Records shown:
···

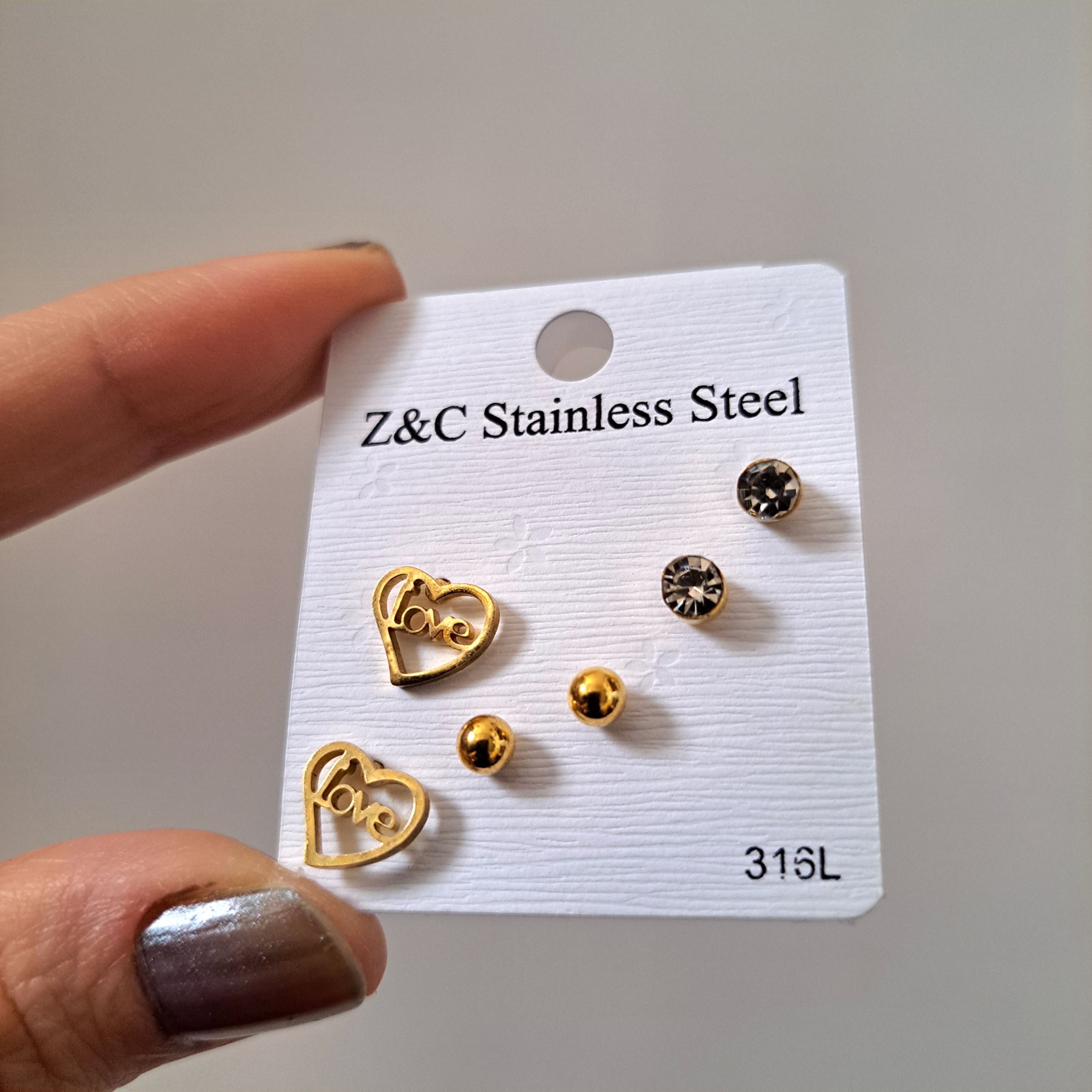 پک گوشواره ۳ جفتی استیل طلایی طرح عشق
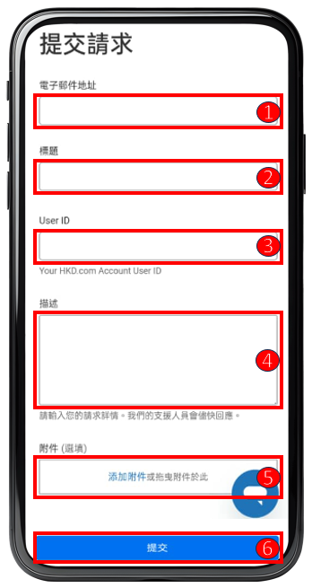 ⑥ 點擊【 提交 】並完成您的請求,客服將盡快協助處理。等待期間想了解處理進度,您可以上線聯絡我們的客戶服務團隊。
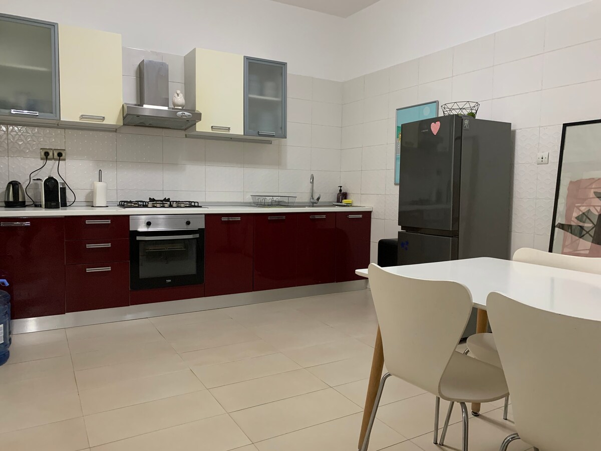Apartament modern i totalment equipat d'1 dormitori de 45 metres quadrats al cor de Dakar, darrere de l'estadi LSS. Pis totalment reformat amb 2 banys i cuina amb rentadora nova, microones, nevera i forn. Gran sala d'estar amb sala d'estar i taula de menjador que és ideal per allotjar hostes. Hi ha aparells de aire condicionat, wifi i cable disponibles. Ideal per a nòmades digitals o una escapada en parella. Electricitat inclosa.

···

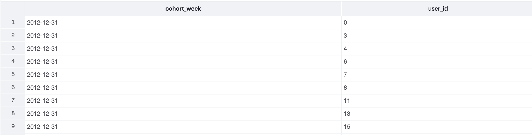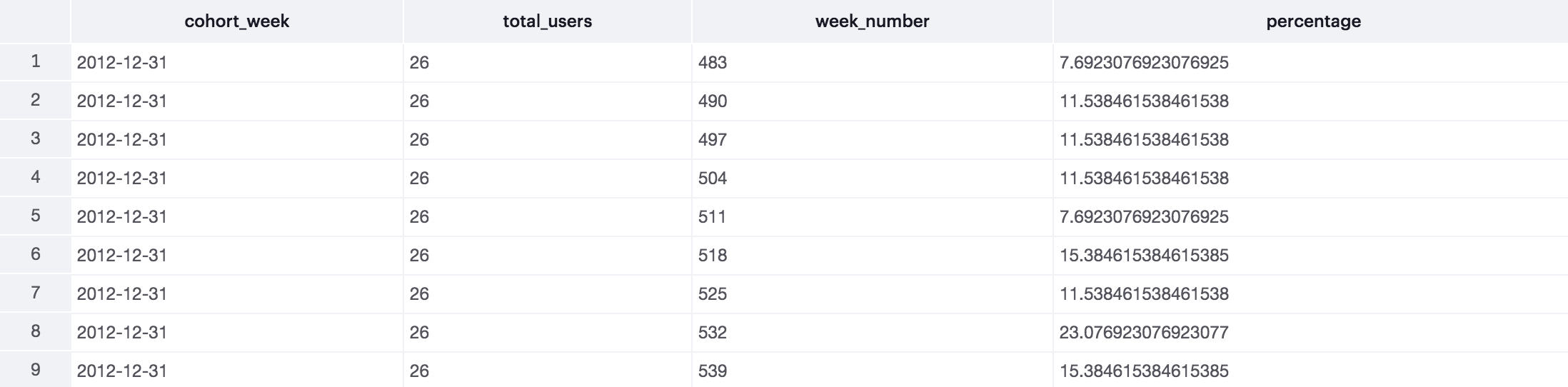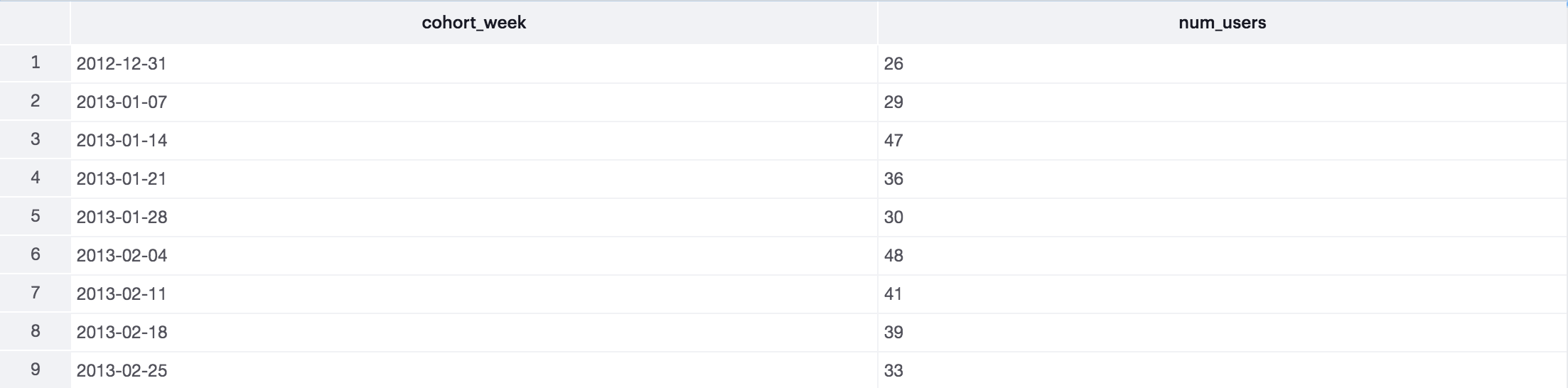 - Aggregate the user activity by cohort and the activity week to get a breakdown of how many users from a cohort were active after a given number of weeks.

···

About this task: Look above for the line with "پک گوشواره ۳ جفتی استیل طلایی طرح عشق" and the line with "Apartament modern i". Copy them and every line between, exactly, but no pictures.

Response:
 پک گوشواره ۳ جفتی استیل طلایی طرح عشق
 ⑥ 點擊【 提交 】並完成您的請求,客服將盡快協助處理。等待期間想了解處理進度,您可以上線聯絡我們的客戶服務團隊。
Apartament modern i totalment equipat d'1 dormitori de 45 metres quadrats al cor de Dakar, darrere de l'estadi LSS. Pis totalment reformat amb 2 banys i cuina amb rentadora nova, microones, nevera i forn. Gran sala d'estar amb sala d'estar i taula de menjador que és ideal per allotjar hostes. Hi ha aparells de aire condicionat, wifi i cable disponibles. Ideal per a nòmades digitals o una escapada en parella. Electricitat inclosa.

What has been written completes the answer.